The vibe doesn’t always stick. For every song enumerating the rapper’s many blessings, there’s another about straying from the light, and the mixtape’s habit of zipping between the two from track to track makes it feel like a battle for Chance’s soul. On one end is a warm-blooded twenty-something’s taste for good sex and wild nights out, memorialized in the sloshed Kaytranada house jam “All Night” and the late night sensuality of “Juke Jam” and “Smoke Break.” On the other is chipper soul food like “Finish Line/Drown” and “How Great.” What sets this album apart from Christian rap as a movement is that it doesn’t have a complex about its brokenness. Adversity isn’t presented for the purpose of teaching by flawed example. Where many great acts on that circuit have a tendency of planting themselves as soldiers in an ages old war for souls, warning of slippery slopes and potentially grave ramifications for tiny missteps like little parables, Coloring Book is testimony but not necessarily evangelism.
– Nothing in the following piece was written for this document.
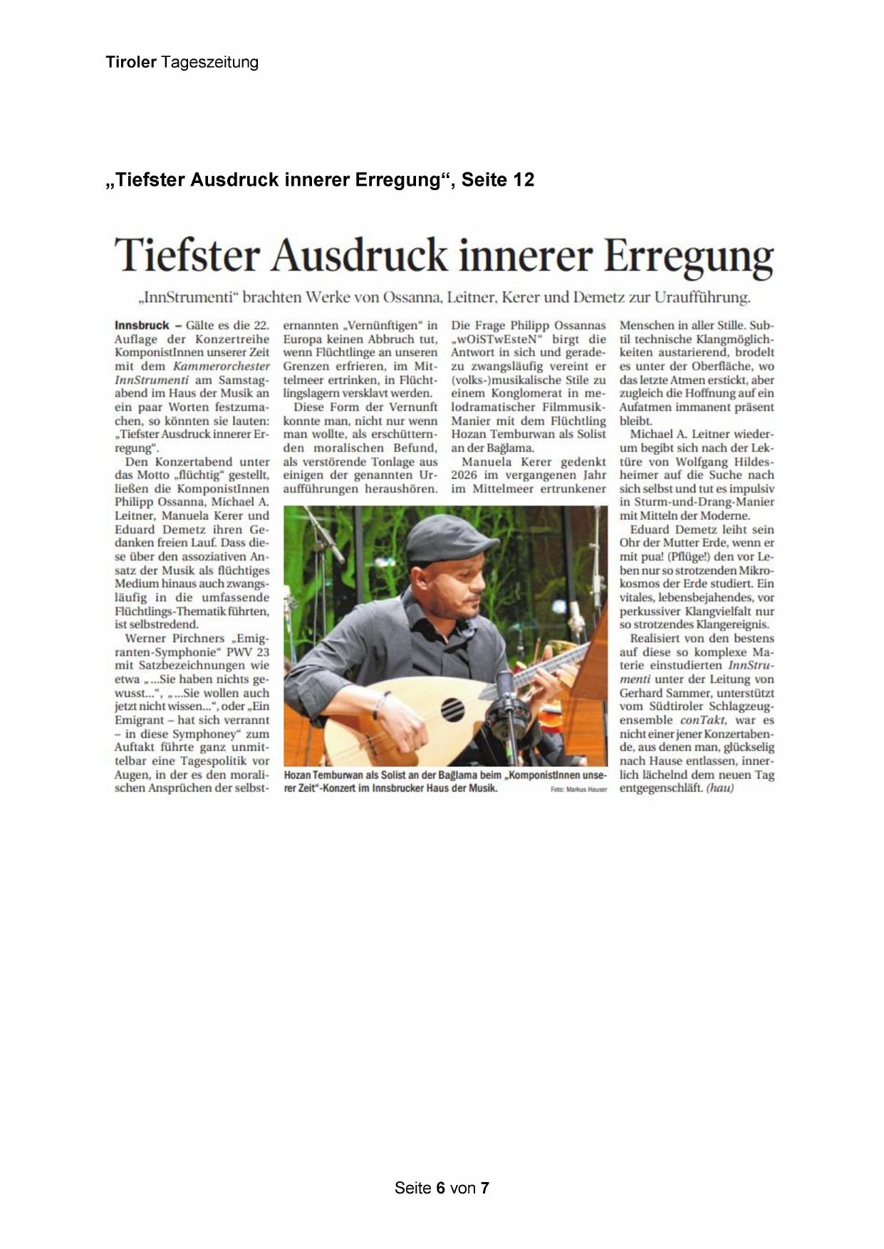 „InnStrumenti“ brachten Werke von Ossanna, Leitner, Kerer und Demetz zur Uraufführung.

Unlike a lot of not so great Christian rap, which can have a tendency of wanly subbing theistic themes in for edgier lyrical content—as a veggie burger does away with beef but not the ritual of huddling around a grill—Coloring Book is not angling to exist parallel to mainstream rap. It courts many of the year’s biggest stars, and Chance’s chameleonic prowess with words and melodies truly shines when he goes verse for verse with out-of-towners, coaxing them into his world as he experiences a bit of theirs. He co-opts a bit of classic Weezy swing when the Cash Money star appears alongside 2 Chainz on “No Problems.” He matches Auto Tuned longing with Future on “Smoke Break” and effects a singsong, staccato delivery for Young Thug on “Mixtape.” He rattles off a chain of internal rhymes, historical references, and dense metaphors when Jay Electronica shows up for “How Great” and recreates the fatalistic children’s choir of his favorite Kanye song “We Don’t Care” when he finally gets West on a record of his own with “All We Got.” He’s not just a savvy rapper, but also a savvy listener.

Chance’s ease in traversing divergent styles and moods without losing himself gives Coloring Book an unerring compass. It feels like a moment this collective has been working toward all along, splattering out in the teenage anomie of 10Day before stumbling onto new uses for church organs and choir vocals amid the washed out dread of Acid Rap and stretching the sound to its limits in the oceanic expanse of last year’s Surf. It is presumptuous to call this a gospel rap achievement because it is hilarious to classify any album containing “No Problems,” “Same Drugs,” “Juke Jam,” and “All Night” as Christian just because “Blessings,” “Angels,” and “How Great” are on it too. (It’s also precious to write this stuff off on account of differences in faith, since we find heart in trap rappers who push kilos we’ve never sold and lionize underground rap full of supervillains and fantastic robots we don’t believe in.) What this is, is holistic rap, fearless and honest in its exploration of every part of Chance’s world, from faith to frailty, from excess to exaltation. Millions of people walk this path every day. Now they have a soundtrack.